Saya tahu perjuangan Fahmi satu semester di Gontor ini bagaikan naik rollercoaster. Jungkir balik bikin jantung dag dig dug der. Teringat aktivitas Blogger Surabaya yang memilih waktu santai sore untuk meregangkan kejenuhan dari semua kegiatan, maka saya harap semoga liburan Fahmi pertama kali ini pun bisa menjadikan penyemangat untuk terus giat belajar dan beribadah lagi saat balik pondok nanti.
Keren ya, semandiri itu sistem pendidikan di Gontor. Mantap!
Sukses terus untuk ananda Fahmi. Semoga di tiap ujian dilancarkan dan dimudahkan. Wah..pengawasnya enggak kira-kira jumlahnya. Bakalan jujur banget ini para santri ngerjainnya, enggak ada curi-curi buat nyontek atau nanya tetangga…
Masyaallah ya, Teh…
Kita bayangin anak diperlakukan begitu sekilas ngerasa kasihan dan ngga tega, yaa..
tapi sebenarnya tujuannya sangat2 baik sekali.
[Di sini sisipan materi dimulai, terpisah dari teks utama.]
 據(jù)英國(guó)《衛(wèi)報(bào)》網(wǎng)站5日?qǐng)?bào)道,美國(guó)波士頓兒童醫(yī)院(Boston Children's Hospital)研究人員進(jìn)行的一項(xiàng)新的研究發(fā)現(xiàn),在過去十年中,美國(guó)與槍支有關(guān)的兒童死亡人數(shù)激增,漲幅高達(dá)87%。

Bangun pagi bangeet2 itu peer banget untuk anak2 remaja terutama
tapi sebenernya bisa disiasati kalau tidur lebih awal dan membiasakan diri.
Gontor the best, deh…
Smoga selalu menelurkan generasi islami yang jujur, cerdas, berintegritas dan tentu saja soleh. Aamiin…
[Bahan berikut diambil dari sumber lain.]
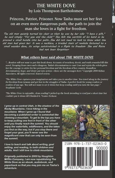 THE WHITE DOVE by Lois Thompson Bartholomew Princess, Patriot, Prisoner. Now Tasha must set her feet on an even more dangerous path, the path to join the man she loves in a fight for freedom. The old man quietly turned his chair so that he was by her side. "I have a gift," he said simply. "For you and the child." She felt the warmth of his hand as he pressed a small bundle into her palm…She did not need to look to know what the old man had given her. It was a necklace, a braided chain of rawhide fastened to a small wooden dove, its wings outstretched in a flight to freedom. She and Raina had not been forgotten. What others have said about THE WHITE DOVE "…Readers will not want to put this book down. Accounts of treachery, deceit, and truth rewarded fill this novel. Escaping from caves and a dungeon, Tasha's determination to oust Com and rejoin the rebels gives her the courage to strive for her personal freedom and the freedom of her country. Boundless determination, hope, and desire put into action-these are the messages here." Copyright 2000 Kirkus Associates, All rights reserved. Starred review. "The White Dove captures your imagination and takes you to another time. You travel along in the journey for freedom from tyranny and get lost in the struggles of Tasha. A perfect book for young readers or readers of any age. You will not want to set it down but keep reading until you turn the last page." Stephanie Gerla "The White Dove is enjoyable, clean reading! I picked up the book intending to read just a short time but couldn't put it down till I finished it. "Louise Erekson

Merinding saya bacanya Teh Okti. Membayangkan bagaimana perjuangan para santri dalam menyiapkan diri untuk menyambut masa-masa ujian. Apalagi program dan jenis pembelajaran Gontor itu eksklusif, tidak sama dengan pendidikan negara yang banyak dihadapi oleh para pelajar di luar sana.
Saya juga kagum sama Teh Okti yang bisa menyampaikan penjabaran yang begitu rinci. Sementara Gontor tentunya tidaklah mudah untuk berbagi info apa pun karena ke-eksklusivitas-an mereka. Keren Teh.
keren pengawasnya pakai jas
(semula saya ngebayangin santri dan pengawasanya pakai sarung, hihihi maaf)
dan jawabannya harus essay, gak ada pilihan ganda. Bahasanya pun Arab dan Inggris
Lulusan Gontor andai dapat nila A berarti A penuh, bukan A yang kehilangan kaki-kakinya ya?